What the exercise asks -> Below are the records; return every line from the one that contains "7.2.10 Gosford II" to the last, exactly, skipping the pictures.

○ ○ ○ ○

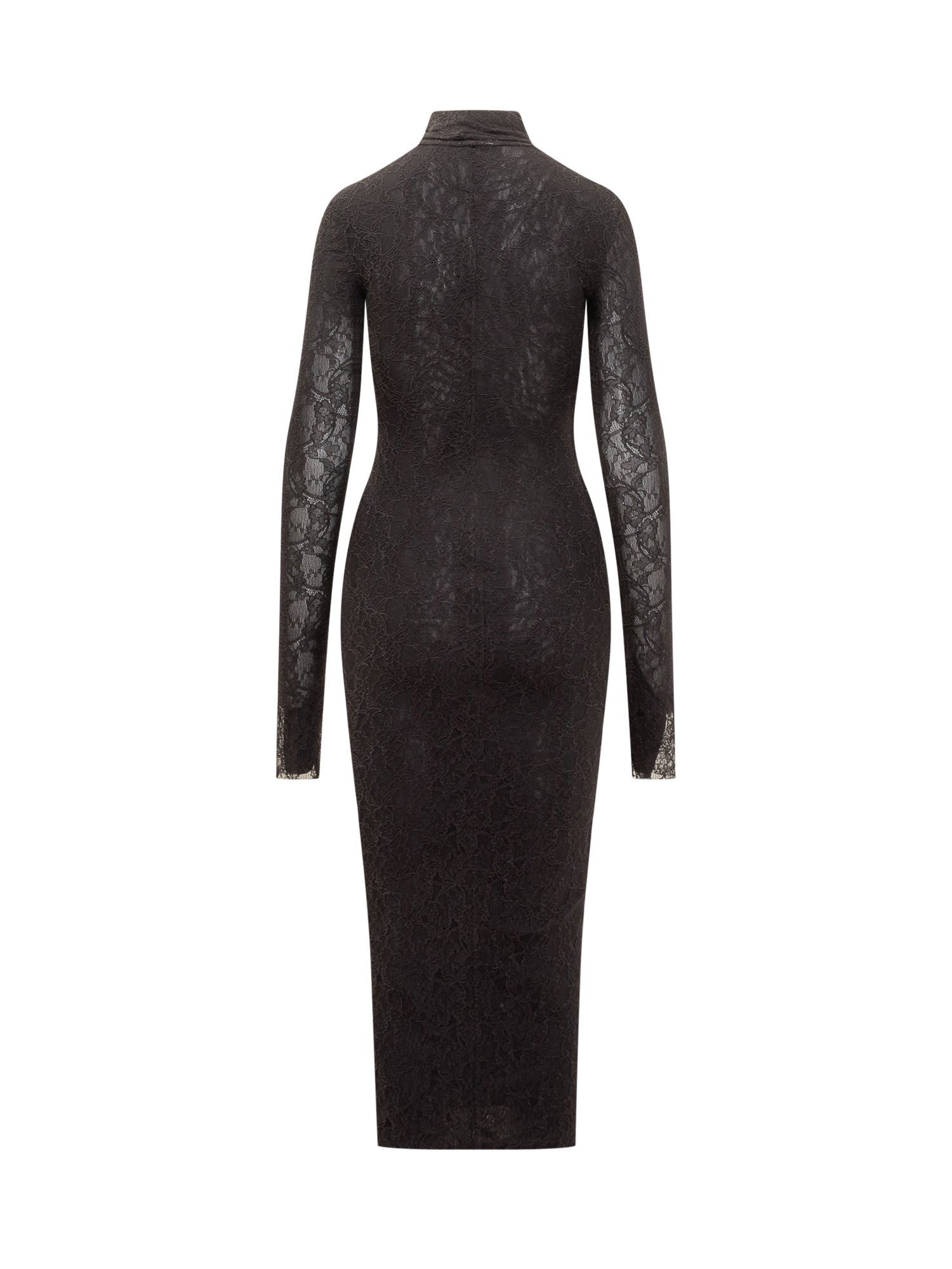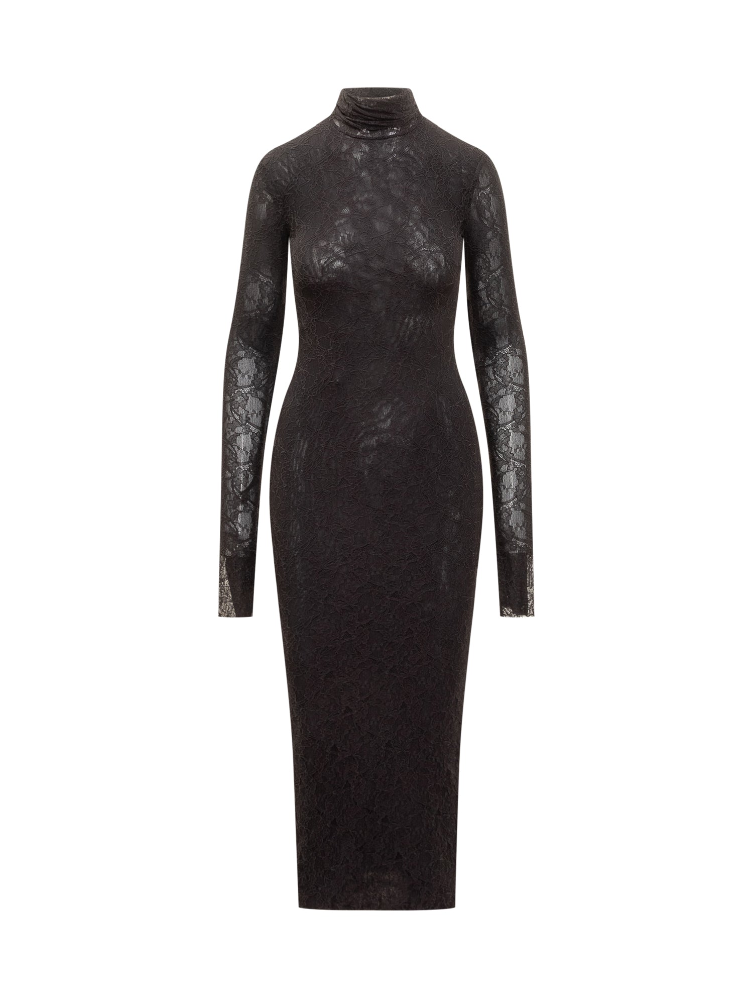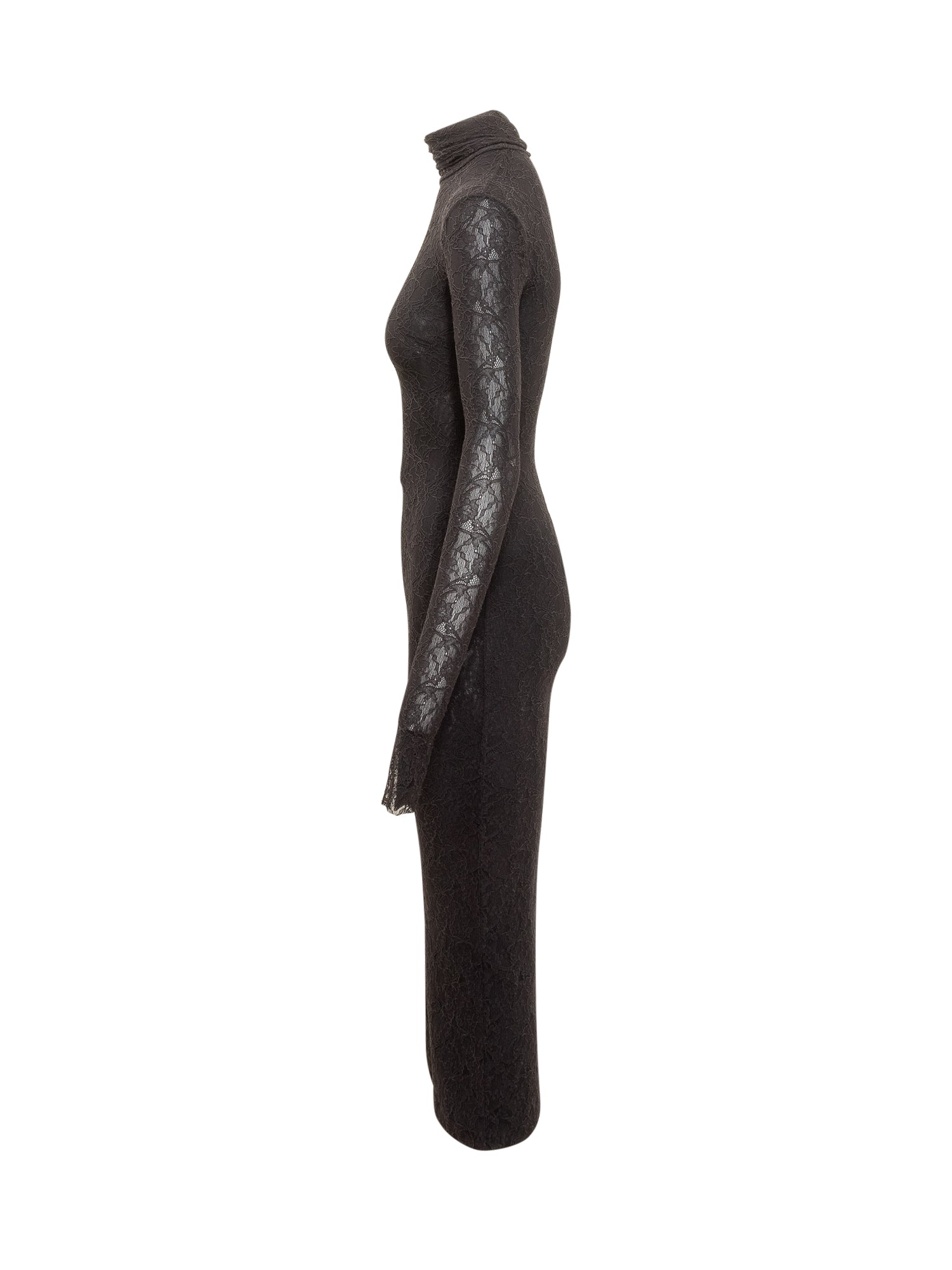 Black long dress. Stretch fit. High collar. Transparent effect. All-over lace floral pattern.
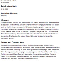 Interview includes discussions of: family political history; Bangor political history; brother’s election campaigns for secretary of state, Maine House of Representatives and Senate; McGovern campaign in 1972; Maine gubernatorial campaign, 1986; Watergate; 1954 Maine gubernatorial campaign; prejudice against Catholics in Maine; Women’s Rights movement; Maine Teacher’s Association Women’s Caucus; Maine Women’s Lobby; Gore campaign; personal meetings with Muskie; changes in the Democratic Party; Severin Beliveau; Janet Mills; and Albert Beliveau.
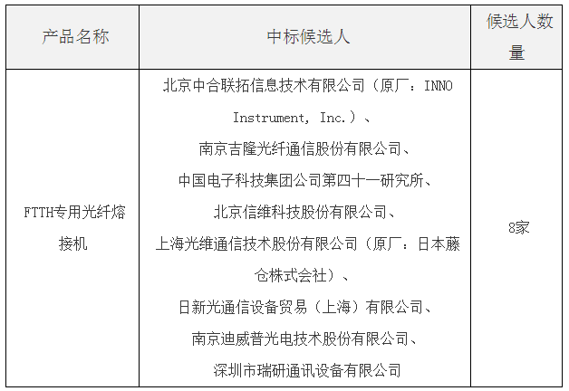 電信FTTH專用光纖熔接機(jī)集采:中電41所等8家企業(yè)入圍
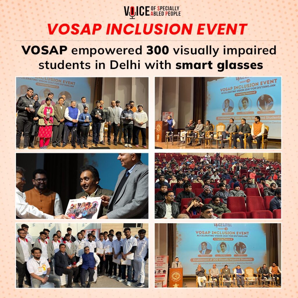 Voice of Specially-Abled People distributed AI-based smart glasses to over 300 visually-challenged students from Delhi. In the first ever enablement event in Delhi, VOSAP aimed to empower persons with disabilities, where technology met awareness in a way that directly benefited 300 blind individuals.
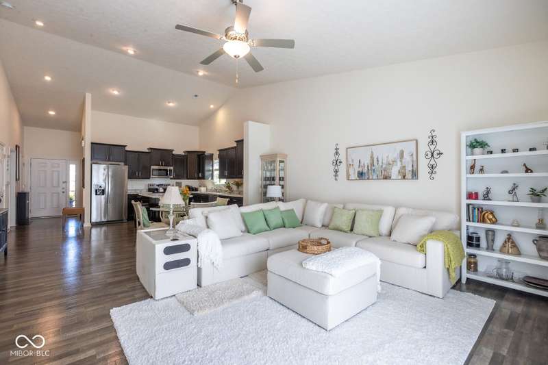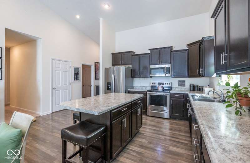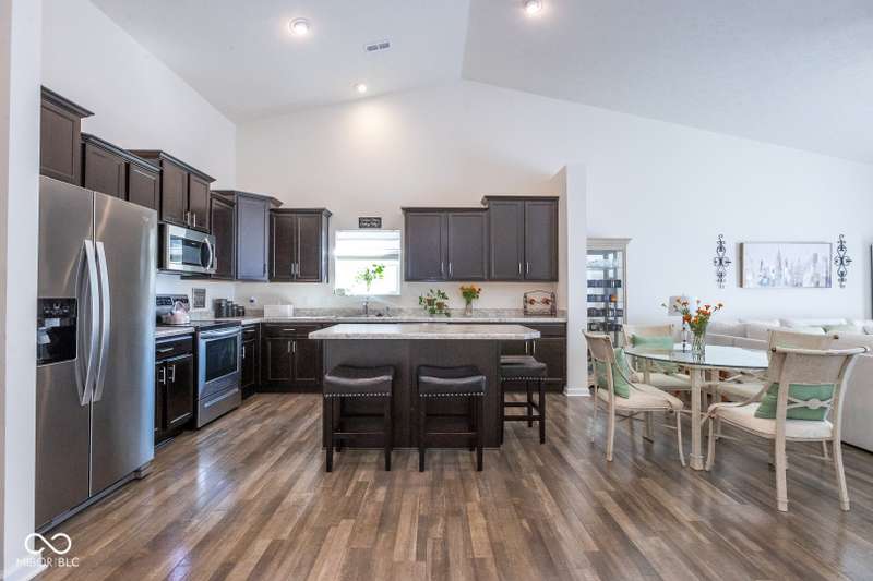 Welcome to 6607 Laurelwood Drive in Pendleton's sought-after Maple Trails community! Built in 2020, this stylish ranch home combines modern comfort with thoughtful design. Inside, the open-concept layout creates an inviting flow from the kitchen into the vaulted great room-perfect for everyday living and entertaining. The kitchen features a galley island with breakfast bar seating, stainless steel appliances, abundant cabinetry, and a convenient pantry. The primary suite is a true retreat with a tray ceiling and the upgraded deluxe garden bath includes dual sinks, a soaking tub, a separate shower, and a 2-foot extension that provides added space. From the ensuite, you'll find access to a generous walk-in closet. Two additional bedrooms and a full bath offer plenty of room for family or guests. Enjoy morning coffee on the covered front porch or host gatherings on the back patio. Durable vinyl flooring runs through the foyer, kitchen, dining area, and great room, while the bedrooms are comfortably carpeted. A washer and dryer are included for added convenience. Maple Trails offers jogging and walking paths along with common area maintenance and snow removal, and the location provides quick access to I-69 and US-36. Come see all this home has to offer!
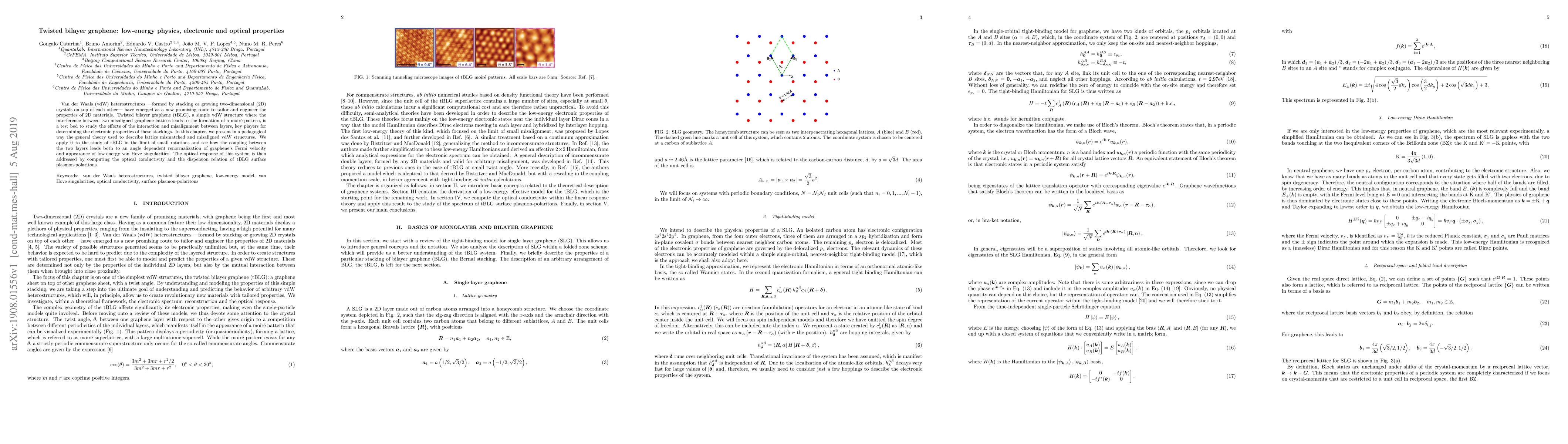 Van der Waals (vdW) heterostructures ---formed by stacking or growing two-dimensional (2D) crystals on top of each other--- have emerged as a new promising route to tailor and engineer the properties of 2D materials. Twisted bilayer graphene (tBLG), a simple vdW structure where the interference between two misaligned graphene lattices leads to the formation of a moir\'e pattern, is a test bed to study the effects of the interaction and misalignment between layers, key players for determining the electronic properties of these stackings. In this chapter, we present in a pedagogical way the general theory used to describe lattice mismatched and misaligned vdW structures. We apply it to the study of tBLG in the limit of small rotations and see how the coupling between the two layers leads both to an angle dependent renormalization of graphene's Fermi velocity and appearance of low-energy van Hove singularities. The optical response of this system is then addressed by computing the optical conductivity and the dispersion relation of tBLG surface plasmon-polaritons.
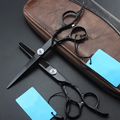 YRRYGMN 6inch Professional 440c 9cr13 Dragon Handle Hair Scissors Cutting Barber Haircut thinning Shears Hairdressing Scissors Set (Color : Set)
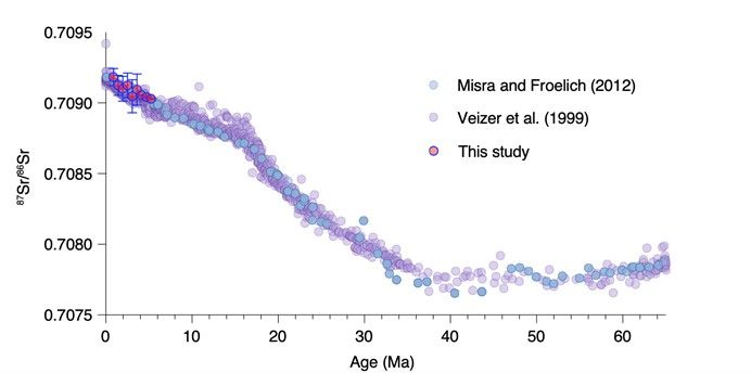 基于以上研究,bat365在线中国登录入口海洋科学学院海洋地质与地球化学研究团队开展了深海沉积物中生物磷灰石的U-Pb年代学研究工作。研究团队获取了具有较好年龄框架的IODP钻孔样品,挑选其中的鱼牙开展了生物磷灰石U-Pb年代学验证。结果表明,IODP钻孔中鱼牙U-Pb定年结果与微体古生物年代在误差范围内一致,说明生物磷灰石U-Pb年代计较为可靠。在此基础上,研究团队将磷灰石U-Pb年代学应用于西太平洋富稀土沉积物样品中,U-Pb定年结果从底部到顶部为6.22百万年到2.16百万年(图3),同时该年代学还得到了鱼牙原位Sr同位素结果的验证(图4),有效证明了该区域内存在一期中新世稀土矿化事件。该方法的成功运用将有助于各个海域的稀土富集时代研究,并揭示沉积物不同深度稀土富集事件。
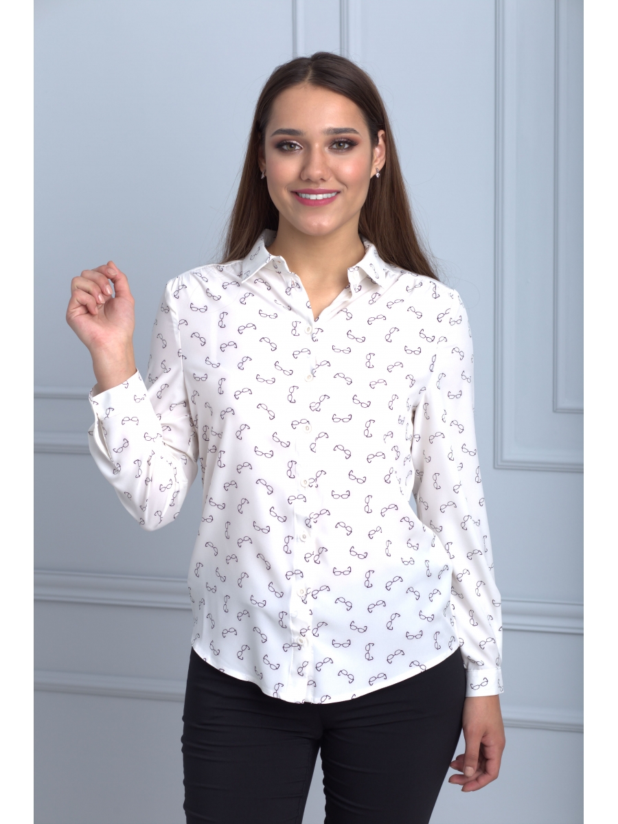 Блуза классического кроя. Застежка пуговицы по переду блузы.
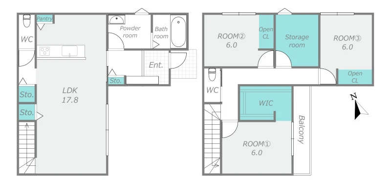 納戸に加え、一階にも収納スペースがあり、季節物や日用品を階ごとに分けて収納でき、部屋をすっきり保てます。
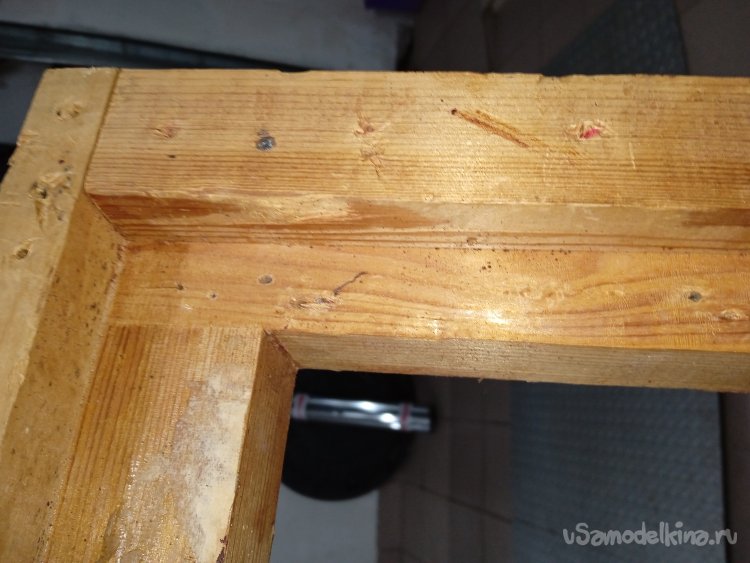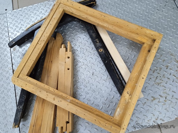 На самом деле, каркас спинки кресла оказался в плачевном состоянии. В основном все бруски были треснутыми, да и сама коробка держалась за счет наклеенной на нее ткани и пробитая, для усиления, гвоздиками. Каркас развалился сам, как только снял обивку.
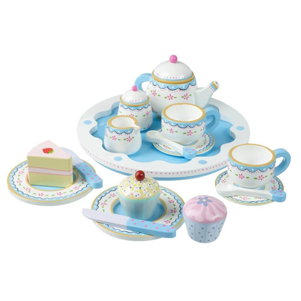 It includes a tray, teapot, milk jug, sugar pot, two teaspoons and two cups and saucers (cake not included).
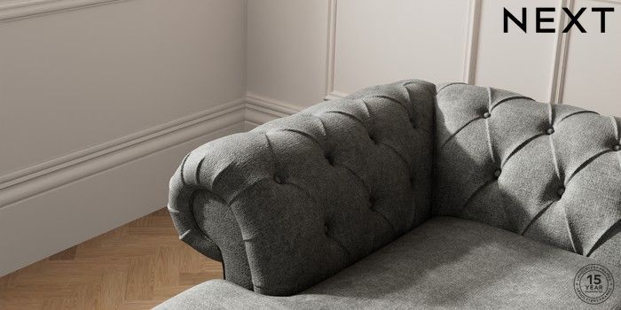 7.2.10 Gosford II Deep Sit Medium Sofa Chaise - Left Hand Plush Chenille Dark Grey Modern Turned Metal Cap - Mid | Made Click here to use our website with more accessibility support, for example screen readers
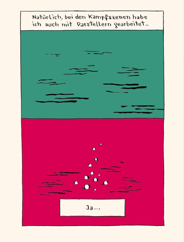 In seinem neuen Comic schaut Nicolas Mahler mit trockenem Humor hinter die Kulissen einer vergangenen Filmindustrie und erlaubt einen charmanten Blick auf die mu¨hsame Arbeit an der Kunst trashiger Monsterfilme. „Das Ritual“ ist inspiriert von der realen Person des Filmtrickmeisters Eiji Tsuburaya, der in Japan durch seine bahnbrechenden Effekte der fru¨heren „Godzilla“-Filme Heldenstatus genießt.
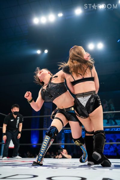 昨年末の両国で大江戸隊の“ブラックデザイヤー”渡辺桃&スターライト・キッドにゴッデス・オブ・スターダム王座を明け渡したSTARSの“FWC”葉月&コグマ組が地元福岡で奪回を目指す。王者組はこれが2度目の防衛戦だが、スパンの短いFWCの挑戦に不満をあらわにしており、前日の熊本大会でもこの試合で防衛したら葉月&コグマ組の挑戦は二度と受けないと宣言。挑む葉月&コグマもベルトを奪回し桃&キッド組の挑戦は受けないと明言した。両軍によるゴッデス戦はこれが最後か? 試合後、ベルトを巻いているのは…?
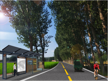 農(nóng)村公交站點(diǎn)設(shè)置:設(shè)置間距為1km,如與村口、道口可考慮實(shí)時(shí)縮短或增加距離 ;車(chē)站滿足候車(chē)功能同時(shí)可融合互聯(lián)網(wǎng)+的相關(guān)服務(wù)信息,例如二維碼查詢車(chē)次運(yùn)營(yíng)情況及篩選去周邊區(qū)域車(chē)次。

○ ○ ○ ○

Exercise result ->
 7.2.10 Gosford II Deep Sit Medium Sofa Chaise - Left Hand Plush Chenille Dark Grey Modern Turned Metal Cap - Mid | Made Click here to use our website with more accessibility support, for example screen readers
 In seinem neuen Comic schaut Nicolas Mahler mit trockenem Humor hinter die Kulissen einer vergangenen Filmindustrie und erlaubt einen charmanten Blick auf die mu¨hsame Arbeit an der Kunst trashiger Monsterfilme. „Das Ritual“ ist inspiriert von der realen Person des Filmtrickmeisters Eiji Tsuburaya, der in Japan durch seine bahnbrechenden Effekte der fru¨heren „Godzilla“-Filme Heldenstatus genießt.
 昨年末の両国で大江戸隊の“ブラックデザイヤー”渡辺桃&スターライト・キッドにゴッデス・オブ・スターダム王座を明け渡したSTARSの“FWC”葉月&コグマ組が地元福岡で奪回を目指す。王者組はこれが2度目の防衛戦だが、スパンの短いFWCの挑戦に不満をあらわにしており、前日の熊本大会でもこの試合で防衛したら葉月&コグマ組の挑戦は二度と受けないと宣言。挑む葉月&コグマもベルトを奪回し桃&キッド組の挑戦は受けないと明言した。両軍によるゴッデス戦はこれが最後か? 試合後、ベルトを巻いているのは…?
 農(nóng)村公交站點(diǎn)設(shè)置:設(shè)置間距為1km,如與村口、道口可考慮實(shí)時(shí)縮短或增加距離 ;車(chē)站滿足候車(chē)功能同時(shí)可融合互聯(lián)網(wǎng)+的相關(guān)服務(wù)信息,例如二維碼查詢車(chē)次運(yùn)營(yíng)情況及篩選去周邊區(qū)域車(chē)次。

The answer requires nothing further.